摘要： 【目的】研究脂多糖（LPS）对马冈鹅法氏囊组织损伤和氧化应激的影响，并探究其调控机制。【方法】选择100只1日龄马冈鹅（公母各半），随机分为对照组和LPS组，每组5个重复，每个重复10只。LPS组雏鹅分别于24、26和28日龄时腹腔注射2 mg/kg LPS，对照组注射等量生理盐水。于28日龄注射1 h后，无菌采集法氏囊进行组织学观察、氧化应激指标检测，并构建法氏囊转录组文库。通过差异表达基因鉴定、GO功能和KEGG通路富集及蛋白互作网络分析筛选出与LPS诱导法氏囊损伤有关的候选基因；随机挑选10个差异表达基因，利用实时荧光定量PCR验证其表达情况。【结果】马冈鹅法氏囊组织学观察结果表明，LPS组法氏囊结构完整性明显降低，囊泡内细胞排列紊乱、空泡数量增加。与对照组相比，LPS组法氏囊谷胱甘肽过氧化物酶（GSH-Px）活性显著降低（P<0.05）；LPS组共获得507个差异表达基因，其中277个基因上调，230个基因下调。GO功能和KEGG通路富集分析显示，差异表达基因主要富集在与炎症和免疫反应相关的条目，涉及Cytokine-cytokine受体相互作用、Notch和Hedgehog等信号通路。结合蛋白互作网络分析，共筛选到TNF超家族成员10（TNFSF10）、CREB结合蛋白（CREBBP）、中心粒旁物质1（PCM1）、蛋白酪氨酸磷酸酶非受体6型（PTPN6）等27个差异表达基因。实时荧光定量PCR结果显示，转录组测序结果准确可靠。
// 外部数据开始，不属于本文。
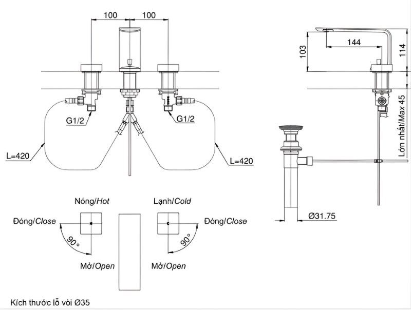 - Loại: Hai tay vặn, ba lỗ
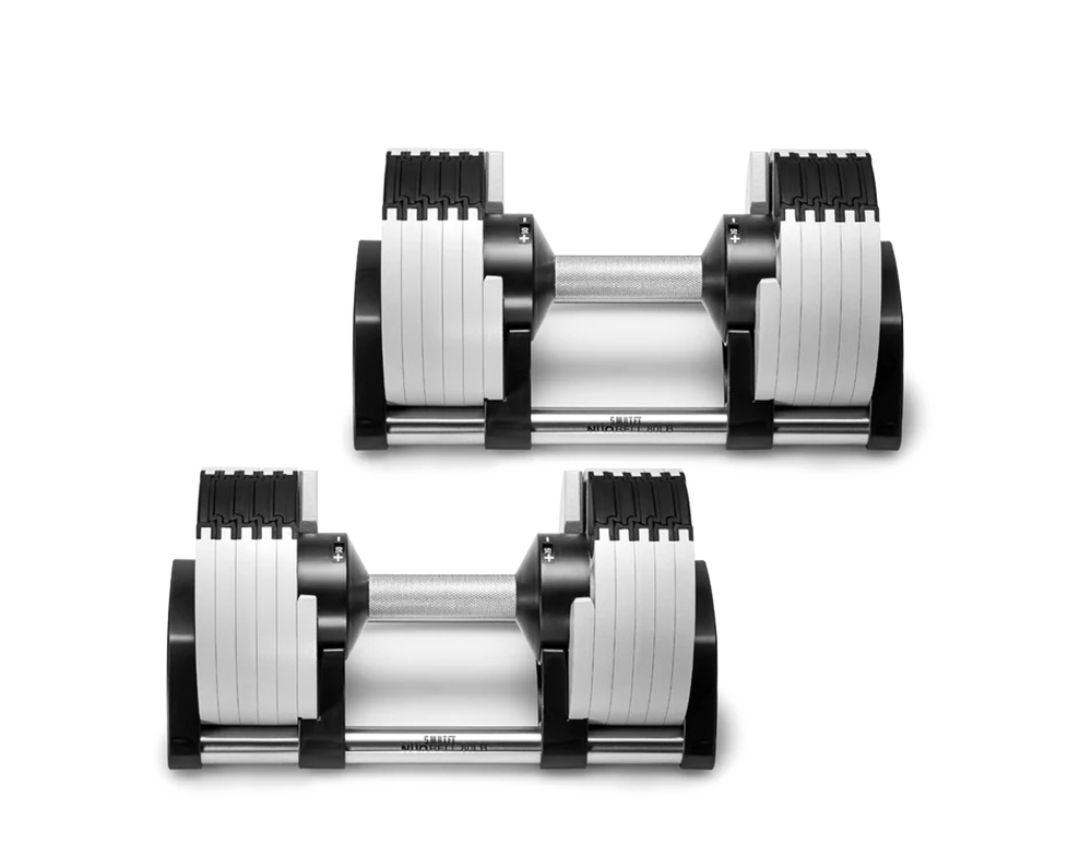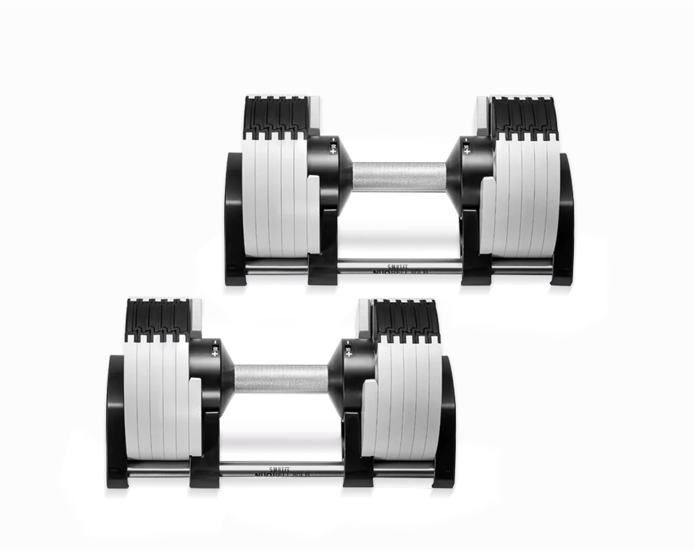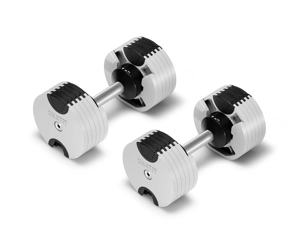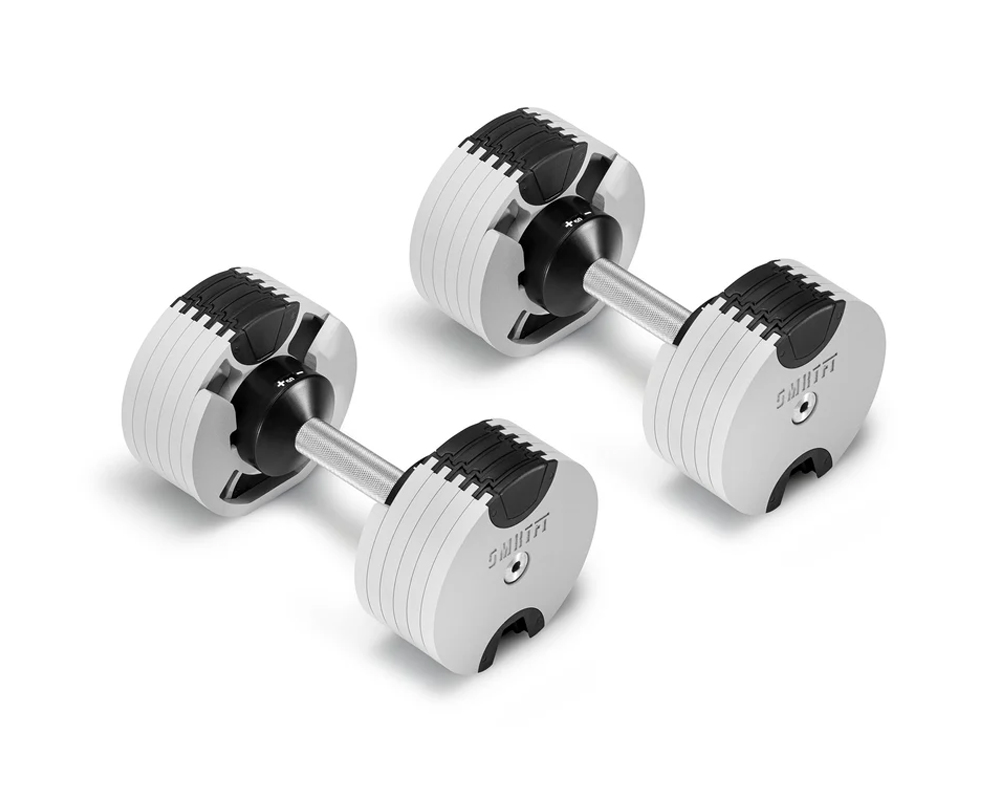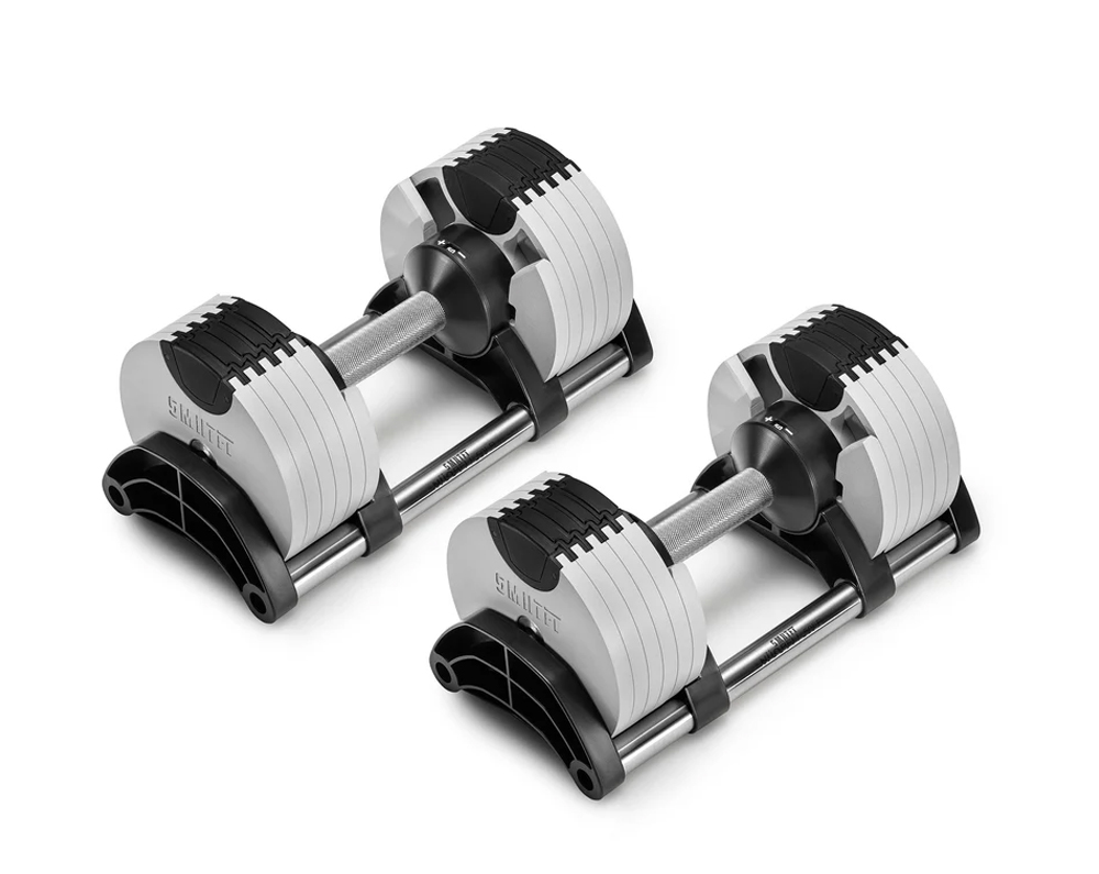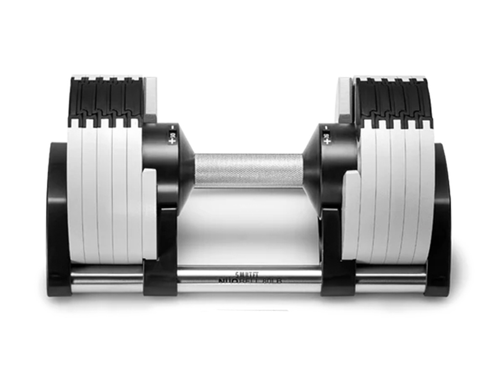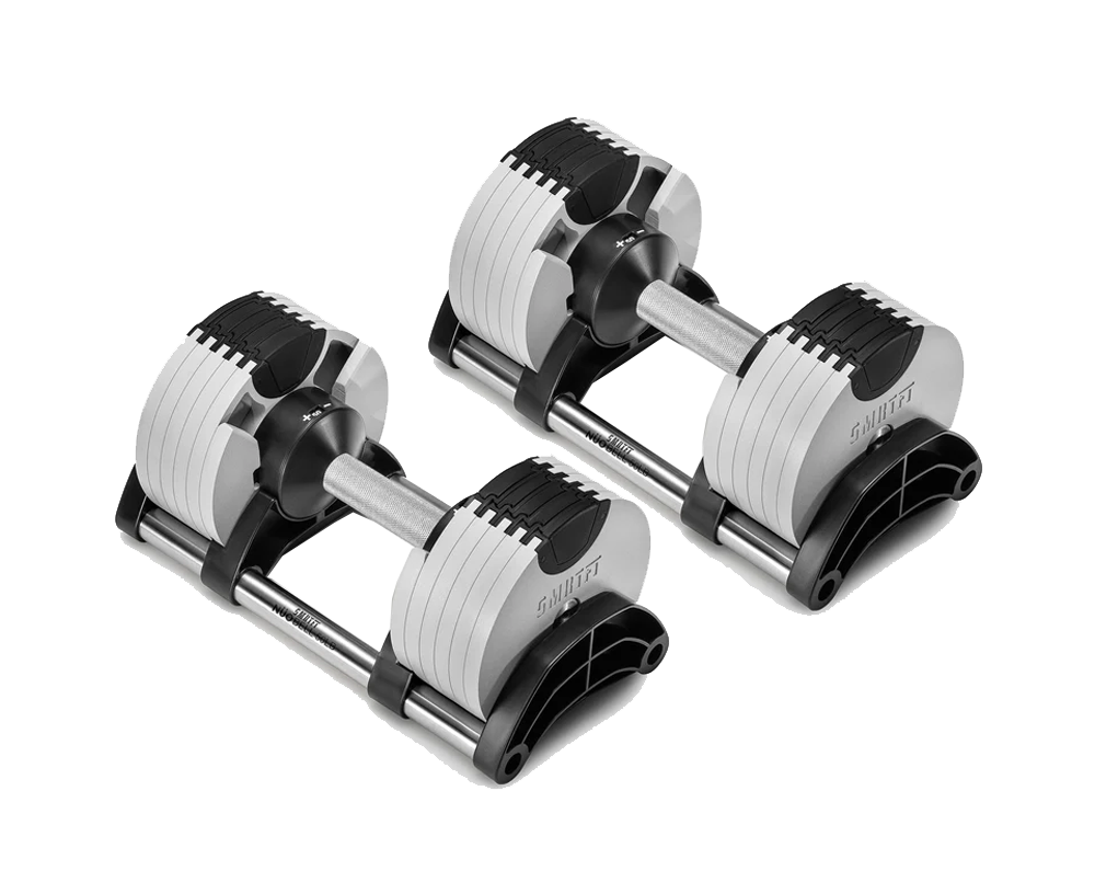 SMRTFT NÜOBELL 50lb Ash Adjustable Dumbbells Set give you the convenience of all-in-one adjustable 5-50lb dumbbells that are easy to use and have superior durability thanks to its machined steel weight plates. This innovative dumbbell set will quickly become your go to favorites.
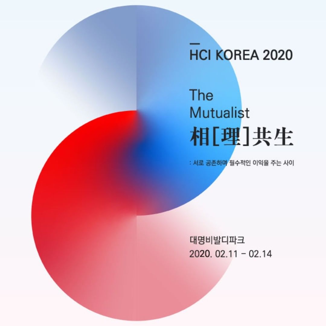 HCI Korea 2020 학술대회가 2월 11일(화)부터 2월 14일(목)까지 소노벨 비발디파크에서 개최됩니다. 올해는 서로 공존하며 필수적인 이익을 주는 사이라는 의미를 가진 'The Mutualist 相[理]共生'을 주제로 국내외의 전문가들이 인사이트와 생각을 나눌 예정이라고 합니다.
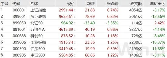截至12月11日收盘,上证指数涨0.74%报收于2991.44点;深成指涨0.82%报收于9632.61点;创业板指涨1.25%报收于1915.74点,万得全A总成交9227亿元。

【结论】本研究探究了LPS诱导马冈鹅法氏囊损伤前后法氏囊组织中的差异表达基因，筛选到了影响法氏囊组织损伤的Cytokine-cytokine受体相互作用、Notch和Hedgehog等信号通路以及TNFSF10、CREBBP、PTPN6等相关基因，为了解LPS诱导鹅法氏囊损伤的分子机制提供理论参考。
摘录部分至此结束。